Oturduğum sokakta yola araç park etmek mümkün değil.

Bir arka sokakta ise İspark var.

Benim de bir gazeteci olarak İspark’tan indirimli yararlanma hakkım. Ancak bu gibi ayrıcalıkları kullanmayı asla sevmediğim için onu da asla kullanmıyorum.

Onun yerine oturduğum sokaktaki vale hizmeti veren bir özel şirkete aboneyim.

Doha doğrusu abone idim.

Bu şirket pandeminin ardından, 2021 yılında belediye ile anlaşarak hizmet vermeye başladı.

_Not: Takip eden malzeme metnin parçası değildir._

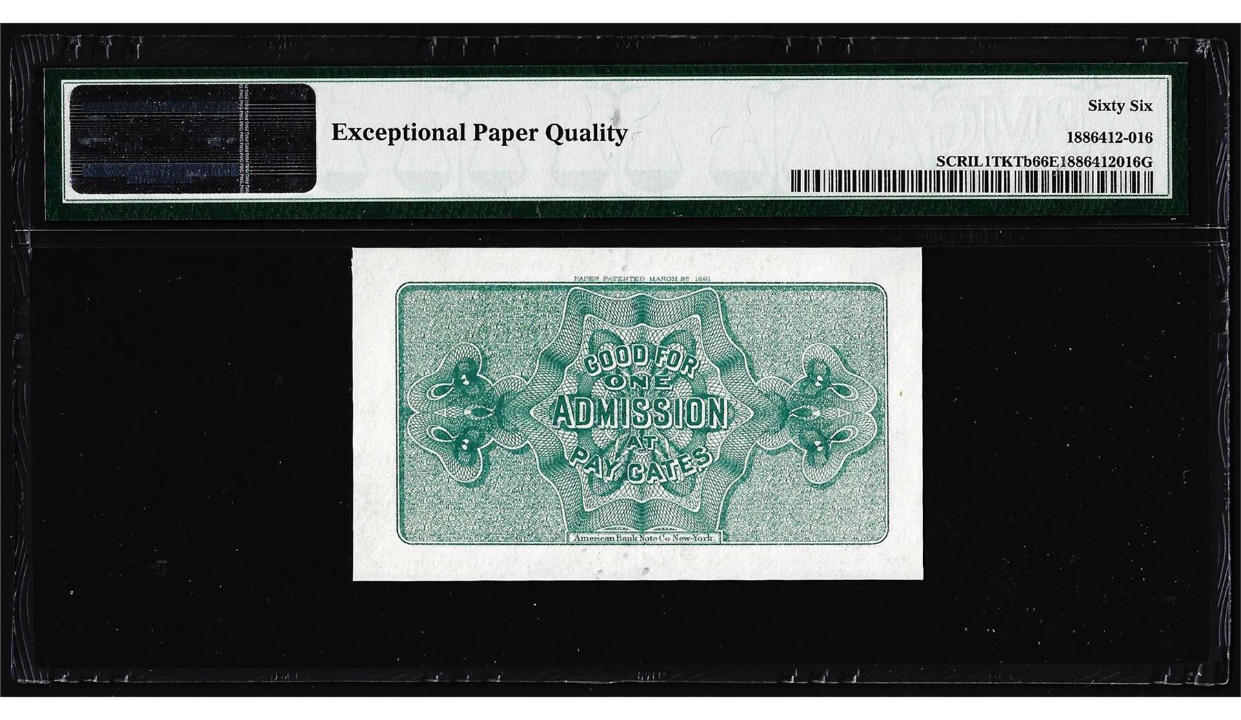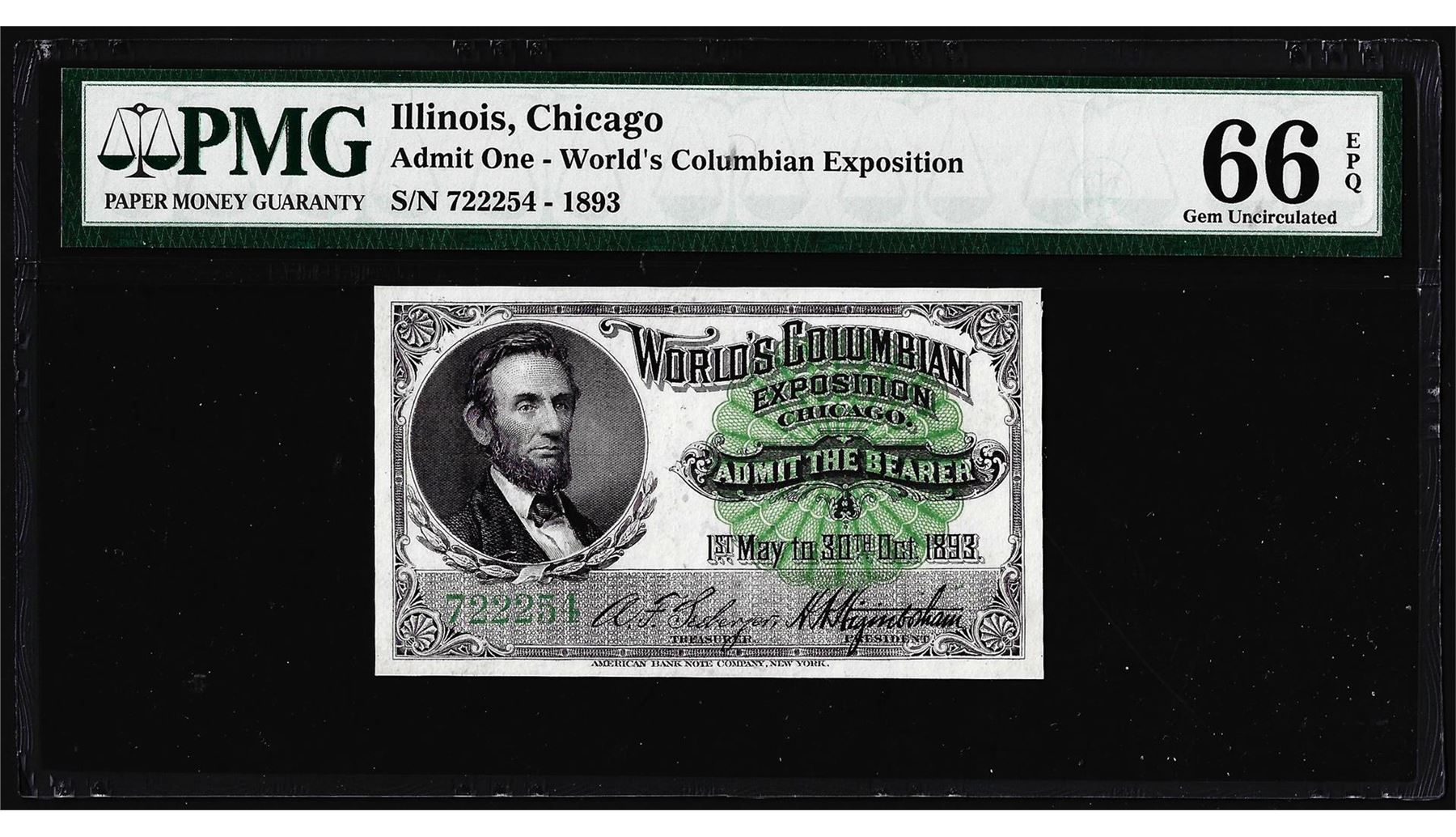 One 1893 World's Columbian Exposition Ticket Lincoln PMG Gem Uncirculated 66EPQ. PMG Certified.

İlk başladığında aylık abonelik ücreti 600 TL idi.

Kısa süre sonra bu ücreti 750 TL yaptı.

Yıl sonu geldiğinde 1000 TL’yi bulmuştu. 2022 yılına 1500 TL ile girdi. 6 ayda bir gelen artışlarla 2023 başında fiyat 2500 TL’ye yükseldi. Temmuz başında ise 3750 TL istediler.

Bu de artık bu hizmetten yararlanmak istemediğimi söyledim. Karda kışta bu hizmeti vermek çalışan çocuklara aynı oranda zam yapsa, vallahi de billahi de bu hizmeti almaya devam ederdim ama biliyorum ki, yapmıyorlar. 

O yüzden ben de 500 metre yürüyüp, aracımı yakın sayılabilecek bir otoparka bırakabilirim. 

Sorun değil. 

Ama 2 sene içinde 6 katından fazla artış sizce normal mi!

Ve etrafımızda bu gibi örnekler az mı! Bu gibilerden hizmet veya mal almayı kesmek en doğrusu değil mi!


NE ZAMAN İNSAN OLURUZ?

Onurlu gibi görünen insanlar onurlu davrandıkları zaman.